* **Exercise directions**
Look through the listing below for the line containing "위에서 보았던 인셉션". Copy it and each line after it up to and including the line containing "Španělsko, Portugalsko, Maroko", exactly, leaving out pictures.

(Beginning of Data listing)

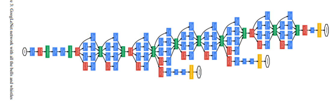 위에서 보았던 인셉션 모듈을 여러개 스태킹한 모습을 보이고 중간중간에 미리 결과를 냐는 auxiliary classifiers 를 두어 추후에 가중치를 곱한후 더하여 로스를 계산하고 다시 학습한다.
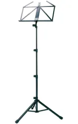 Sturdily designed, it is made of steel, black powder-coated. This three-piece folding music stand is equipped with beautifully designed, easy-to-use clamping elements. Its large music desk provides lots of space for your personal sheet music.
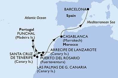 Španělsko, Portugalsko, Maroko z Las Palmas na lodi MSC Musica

(End of Data listing)
(Beginning of Data listing)

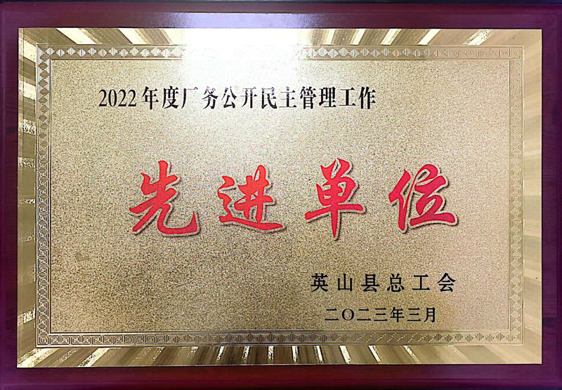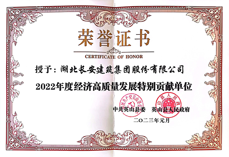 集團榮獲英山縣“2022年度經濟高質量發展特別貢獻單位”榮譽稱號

(End of Data listing)

* **Task response**
 위에서 보았던 인셉션 모듈을 여러개 스태킹한 모습을 보이고 중간중간에 미리 결과를 냐는 auxiliary classifiers 를 두어 추후에 가중치를 곱한후 더하여 로스를 계산하고 다시 학습한다.
 Sturdily designed, it is made of steel, black powder-coated. This three-piece folding music stand is equipped with beautifully designed, easy-to-use clamping elements. Its large music desk provides lots of space for your personal sheet music.
 Španělsko, Portugalsko, Maroko z Las Palmas na lodi MSC Musica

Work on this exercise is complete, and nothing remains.